THE PROBLEM:
Omit the pictures and retype only the lines from the one containing "Далее нажимаем кнопку" through the end of the listing, both ends included.

++++ DATASET EXTRACT

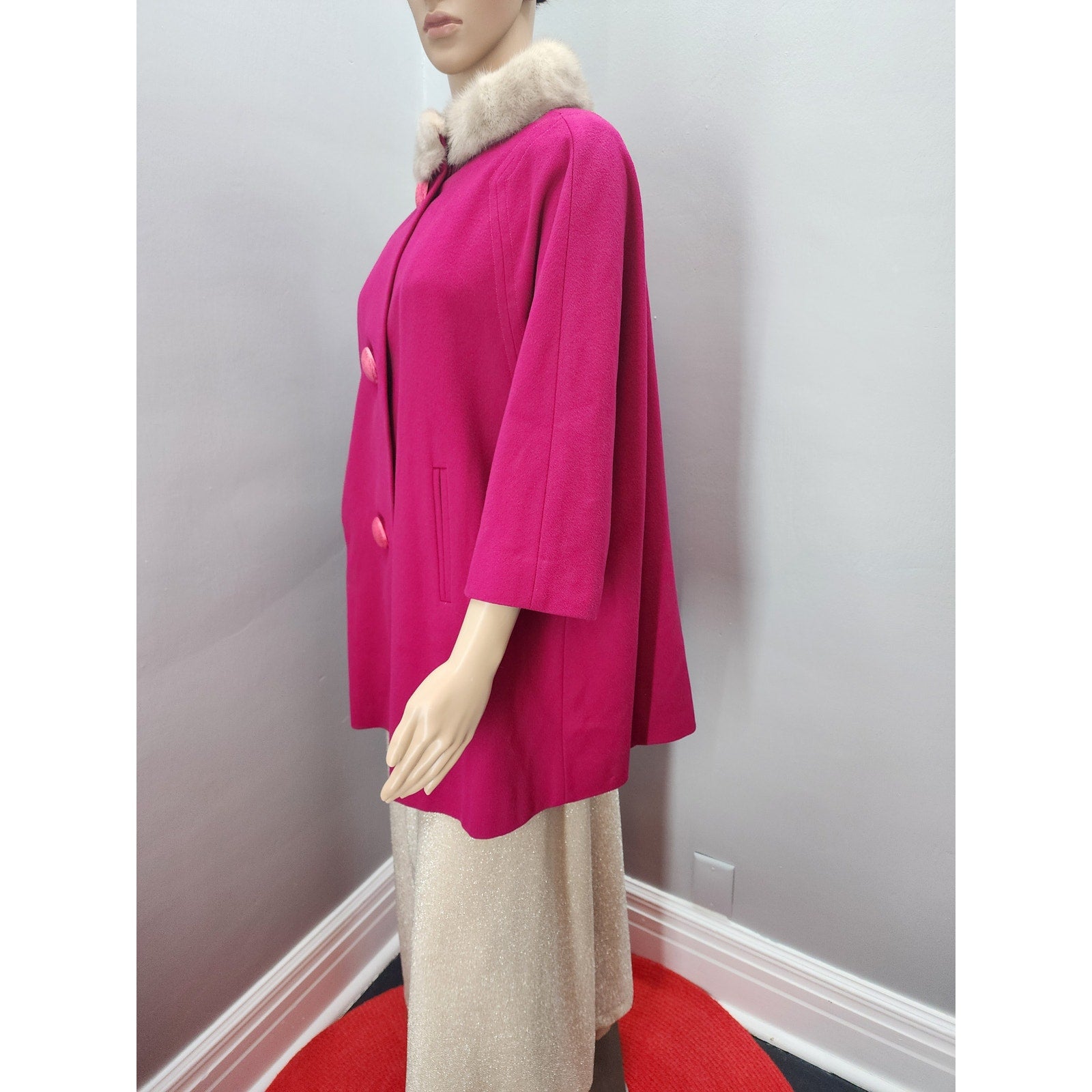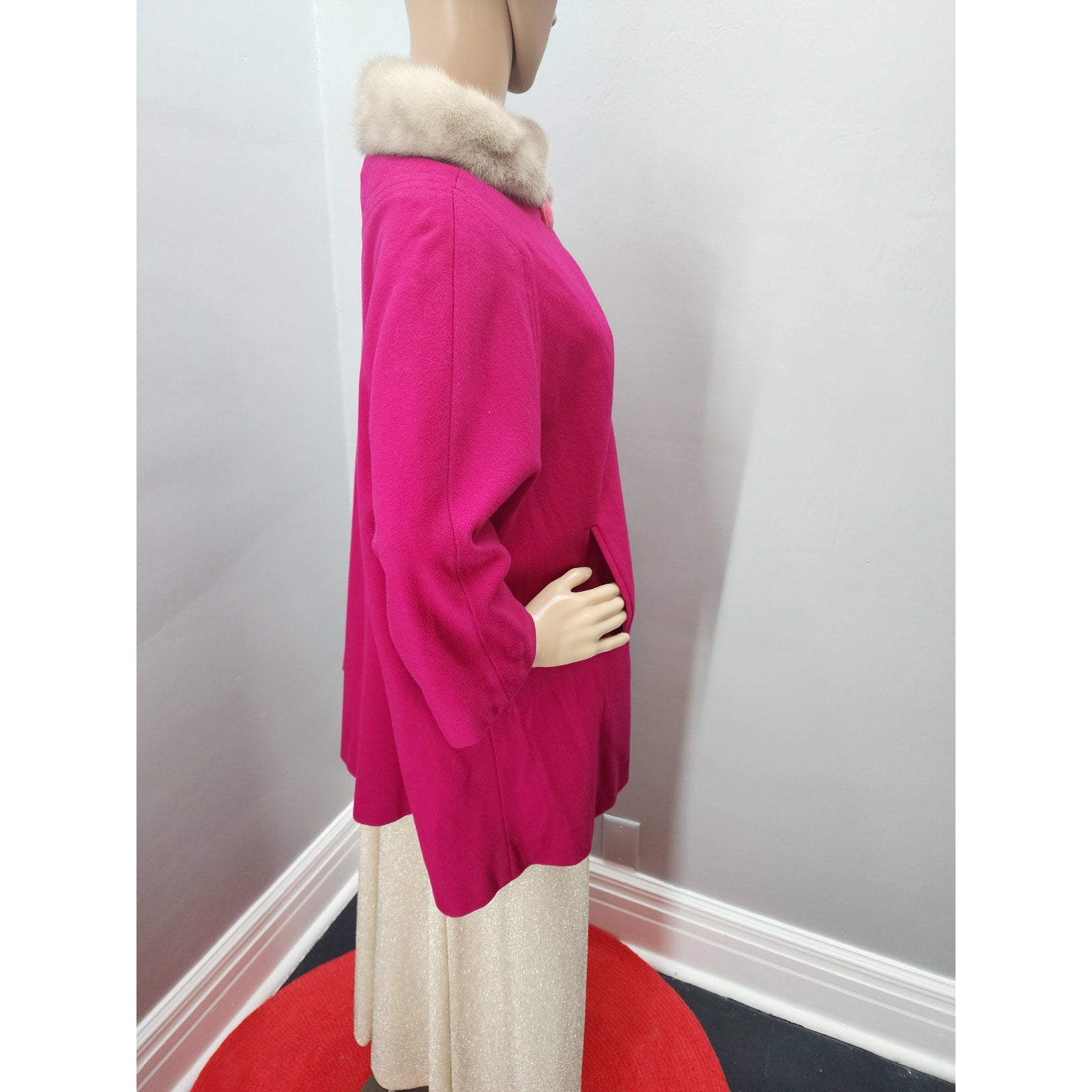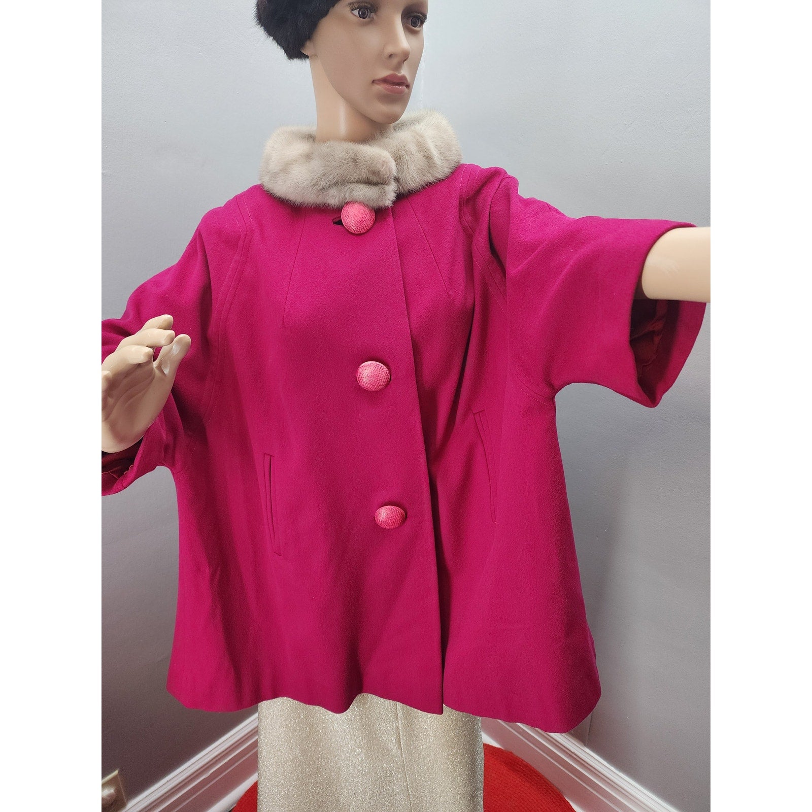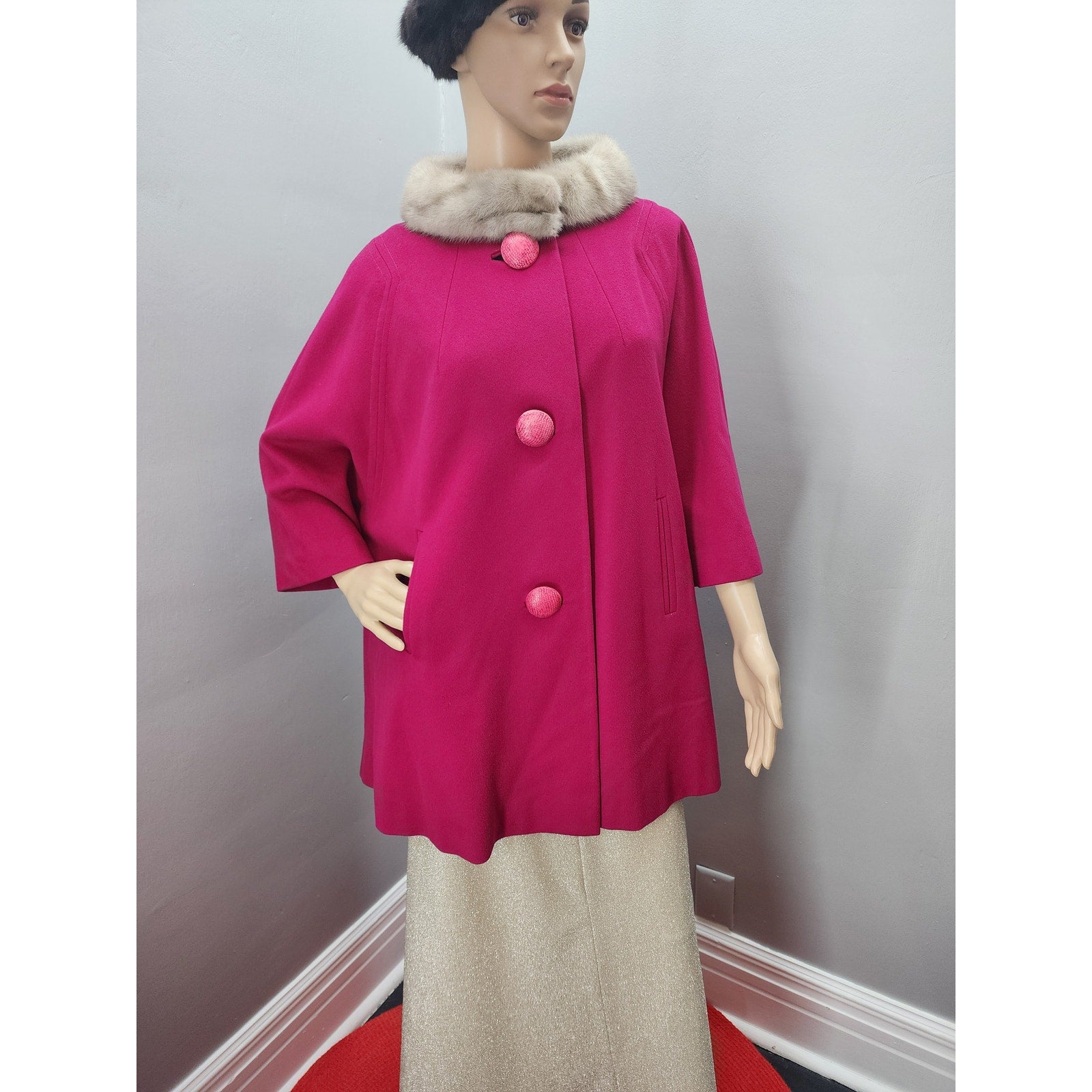 Raspberry wool short swing coat with half dolman sleeve, 2 pockets, 3 huge buttons and a silver mink collar.
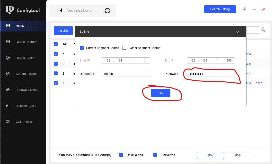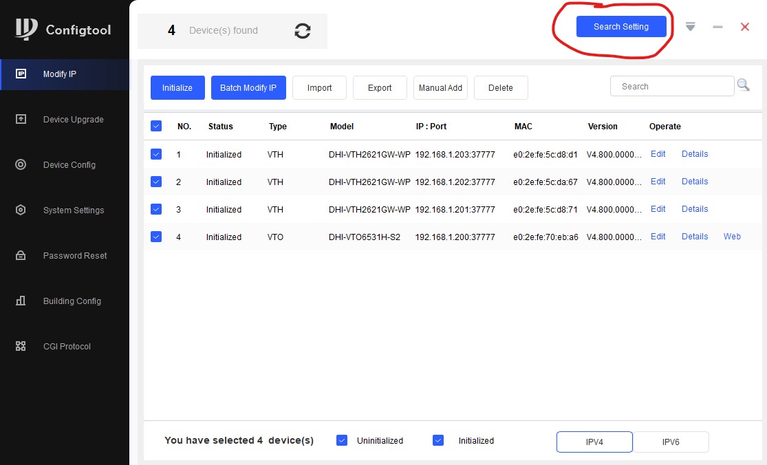 Далее нажимаем кнопку "Search Setting". Там нам нужно указать пароль от устройств
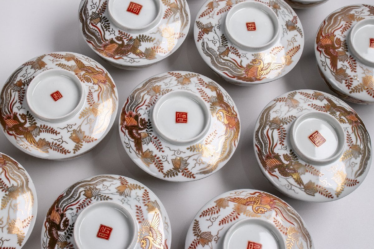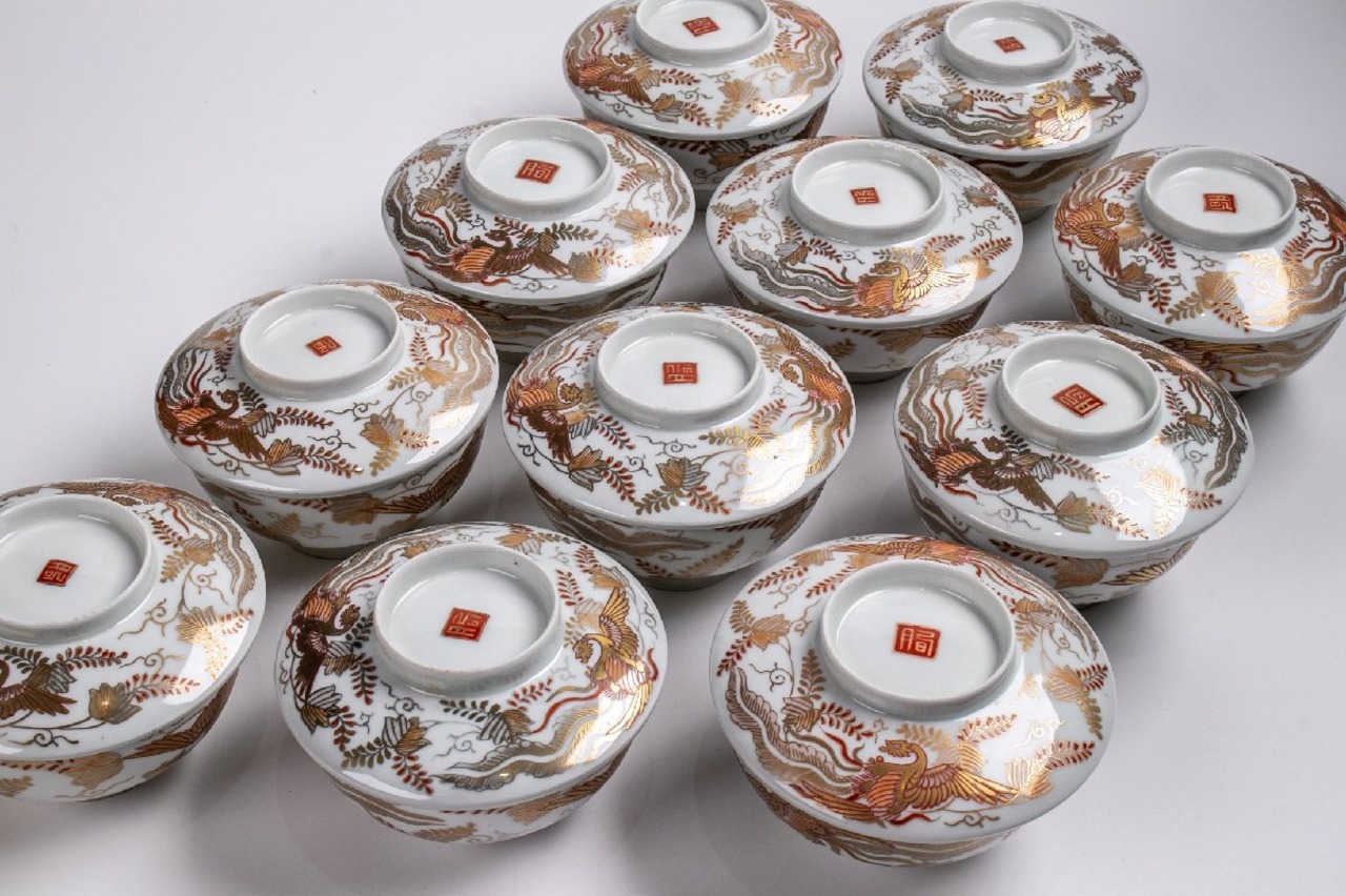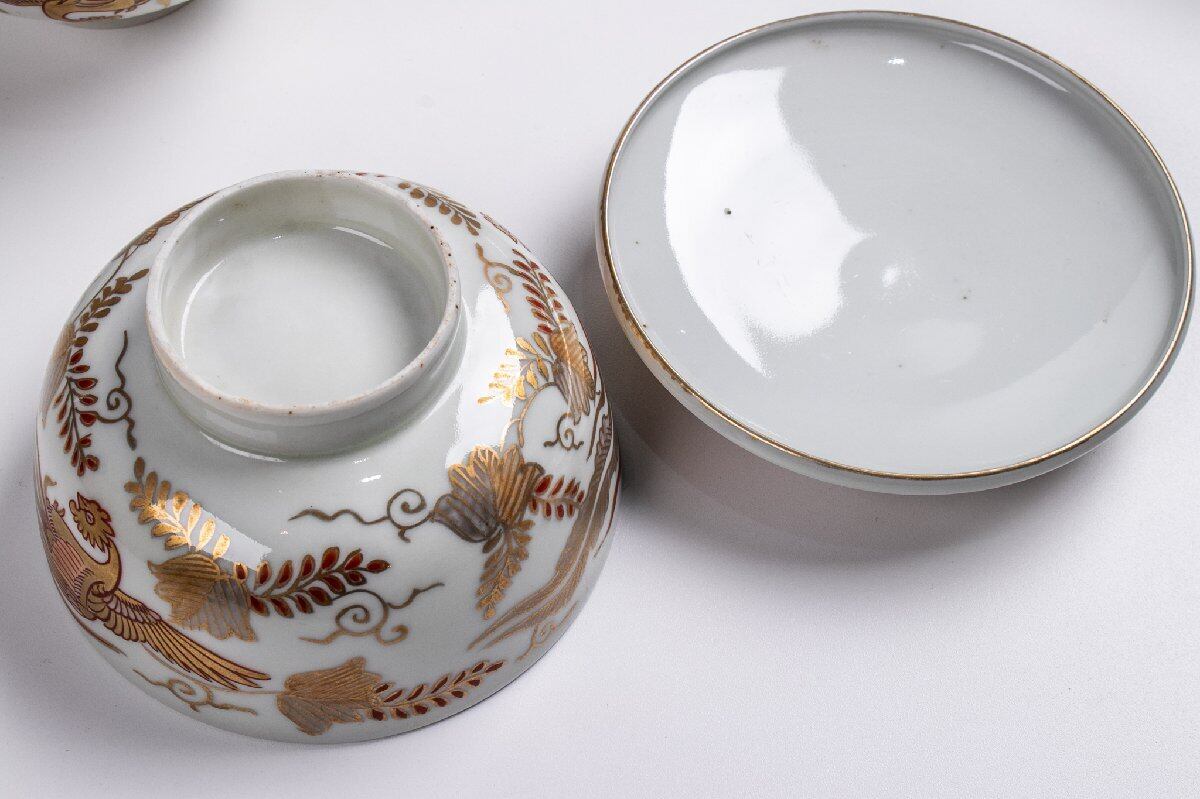 古伊万里 錦桐葉鳳凰文蓋茶碗 11客 明治時代 E1963D バラ売り可能です
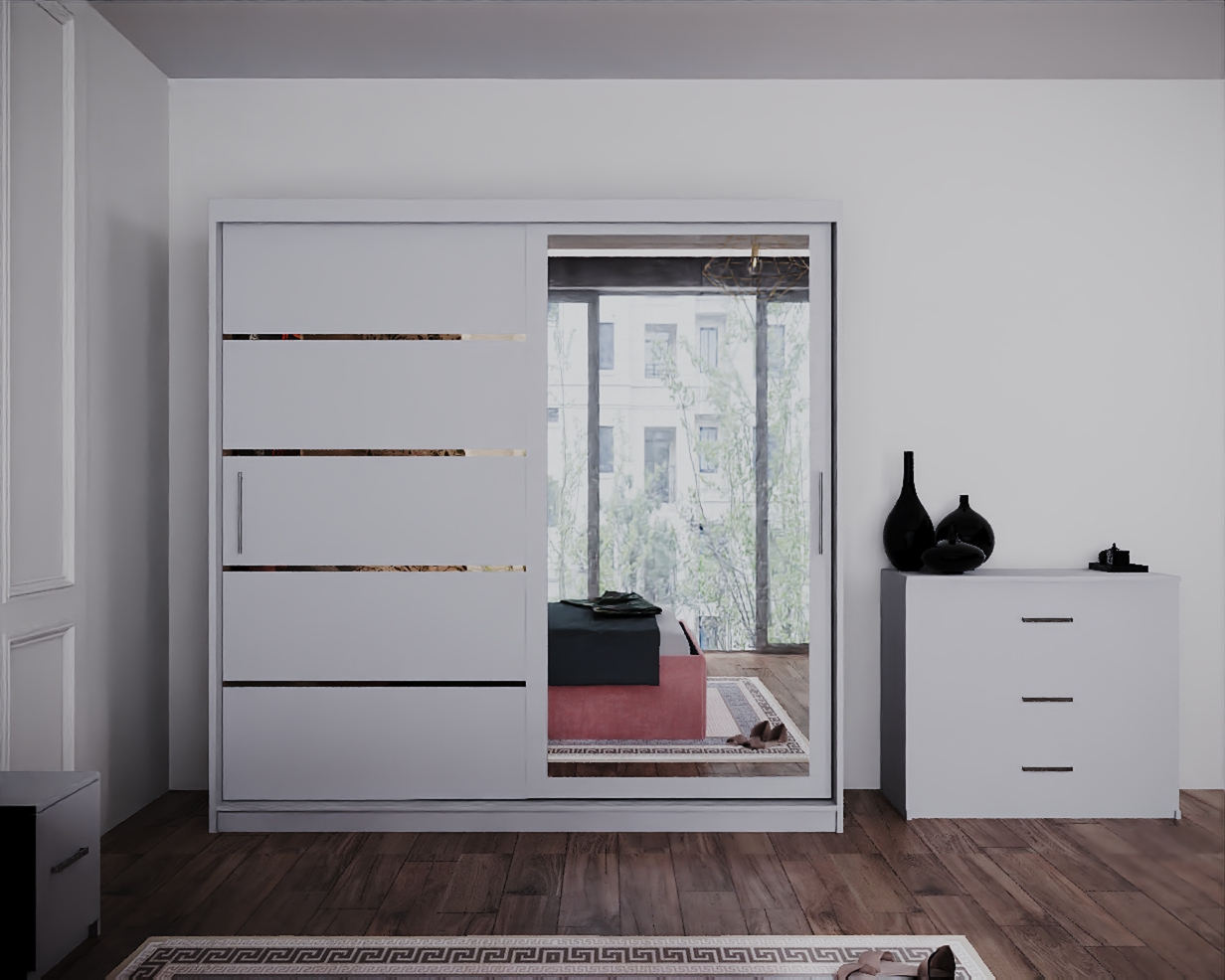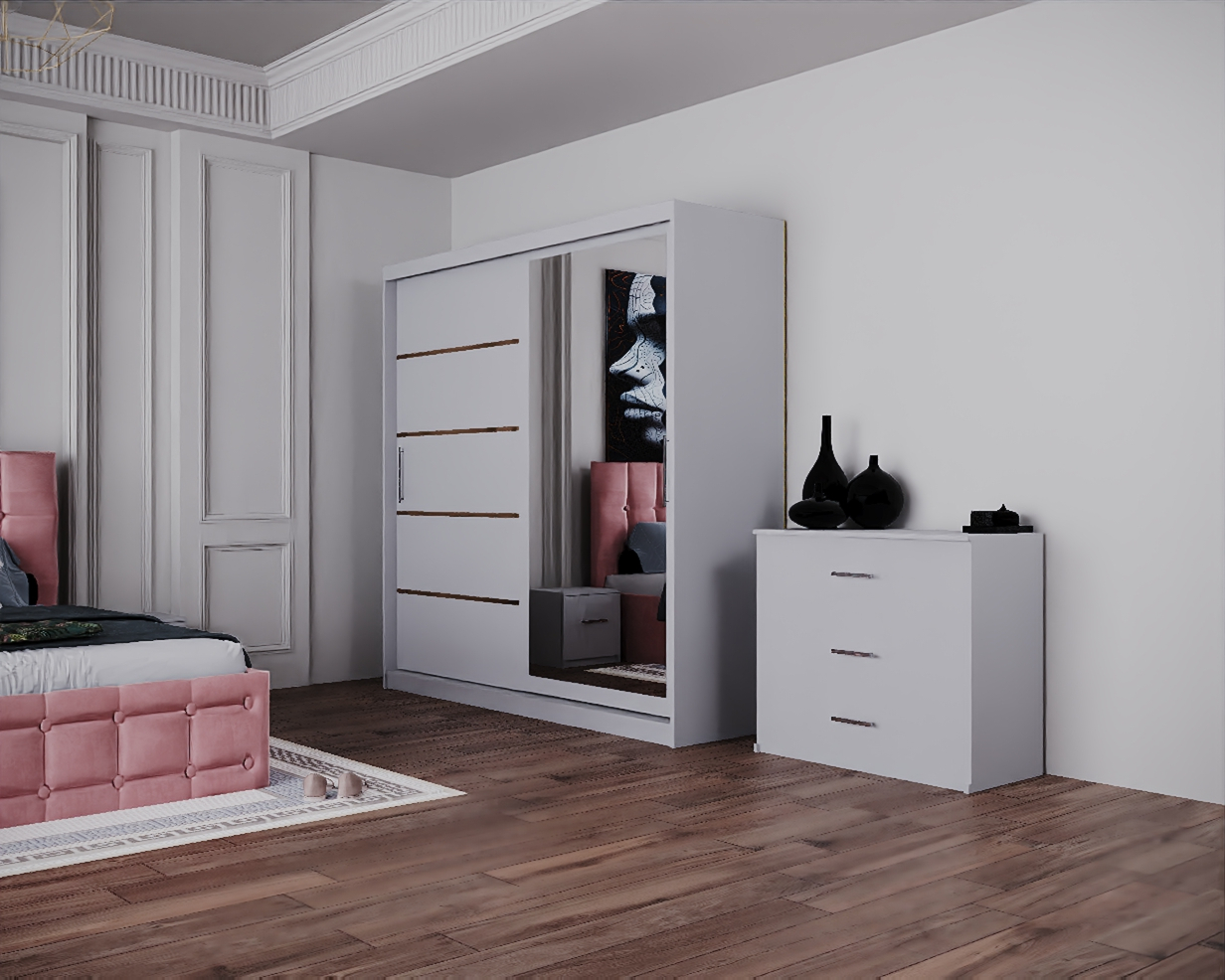 Dormitor Regal cu Pat Tapitat Stofa Roz cu dulap 200*200 usi glisante Alb cu Oglinda, noptiere si comoda

++++++++

WRITTEN ANSWER:
 Далее нажимаем кнопку "Search Setting". Там нам нужно указать пароль от устройств
 古伊万里 錦桐葉鳳凰文蓋茶碗 11客 明治時代 E1963D バラ売り可能です
 Dormitor Regal cu Pat Tapitat Stofa Roz cu dulap 200*200 usi glisante Alb cu Oglinda, noptiere si comoda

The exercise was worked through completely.